What does Ecological footprint measure?
HAVE you heard the one about the 1.5 Earths? Chances are you have: it is one of the most widely quoted ecological statistics of all, an easy-to-understand measure of our impact on the planet. Each year we consume 50 per cent more resources than Earth can regenerate. Scary.
The number has gained widespread currency, cited by governments, news media and in reports from United Nations agencies.

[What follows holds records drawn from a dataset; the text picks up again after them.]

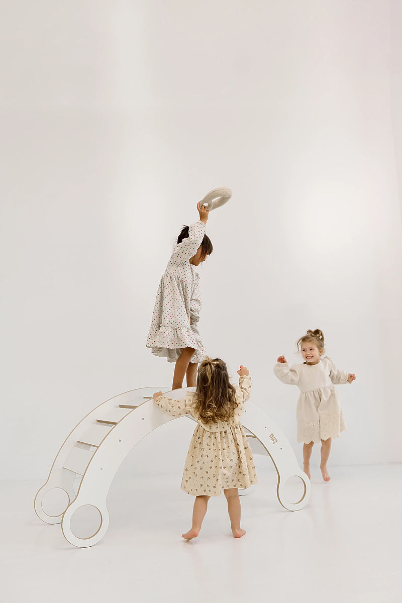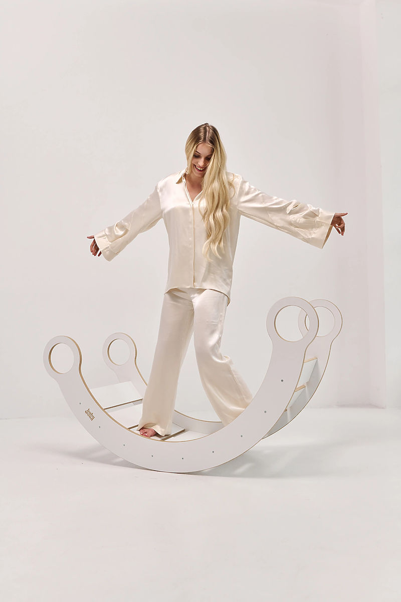 Stylowa drewniana huśtawka Montessori XL w białym kolorze doskonale pasuje do dziecięcych pokoi lub sal zabaw. Ten wielofunkcyjny zestaw umożliwia bezpieczne huśtanie się oraz kreatywne zabawy – może służyć jako tajna kryjówka, mały stolik lub przestrzeń do budowania. Naturalnie wspiera rozwój siły, równowagi i umiejętności motorycznych dzieci. Huśtawka Montessori XL jest solidna i trwała dzięki wysokiej jakości drewnu. Jej elegancki i ponadczasowy design łatwo wpasowuje się w każde wnętrze, zapewniając dzieciom godziny zabawy przy rozwijaniu zdolności fizycznych i psychomotorycznych.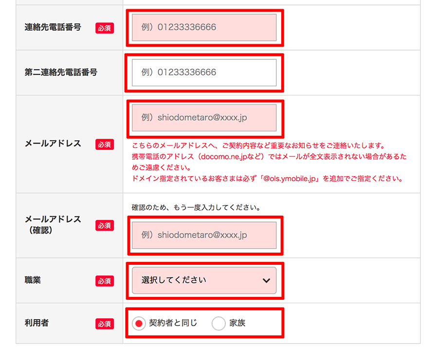 次に、赤枠の契約者情報を一つずつ埋めていきましょう。利用者については、契約者と同じであればそのまま変更せずに進んでください。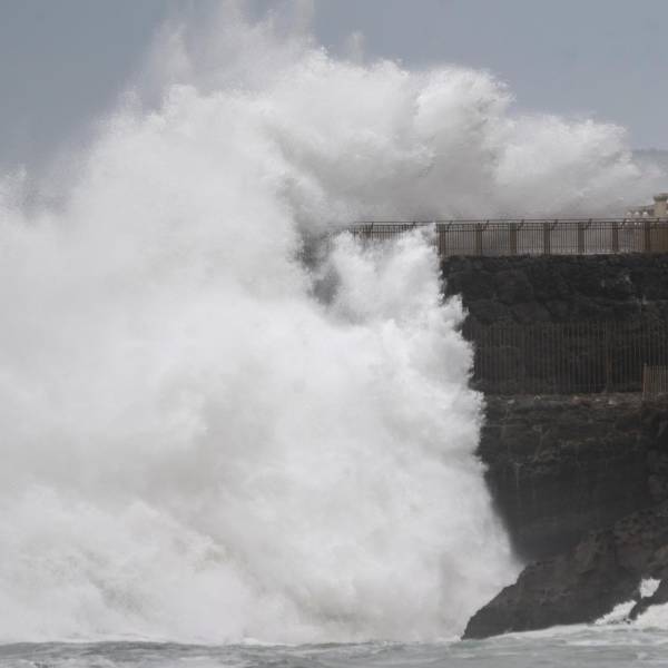 En la imagen de archivo, una ola rompe en la península de la Magdalena, en Santander (norte de España). ( )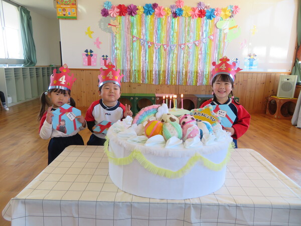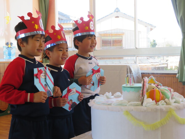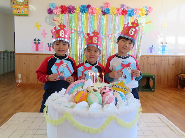 2月は年少児3名、年長児3名のお友だちがお誕生月を迎えました。年少さんもインタビューではしっかり大きな声で答え、年長さんは様々な質問にもしっかりと答える事ができていました。お楽しみ会では先生たちが「こぶとりじいさん」の劇を演じ笑いあり、音楽に合わせてのダンスもあって今月も楽しいお誕生会となりました。

But a recent analysis suggests that it is nonsense.
The idea first came to prominence in a 1996 book called Our Ecological Footprint by William Rees, an ecologist at the University of British Columbia, and his student Mathis Wackernagel. It is now owned and promoted by the Global Footprint Network (GFN), a small non-profit organisation of which Wackernagel is founder and president, in partnership with WWF, the world’s biggest environment group.
Every year they declare Earth Overshoot Day, the date “when humanity exhausted nature’s budget for the year” and began “drawing down local resource stocks and accumulating carbon dioxide in the atmosphere”. This year it was on 20 August, the earliest date yet.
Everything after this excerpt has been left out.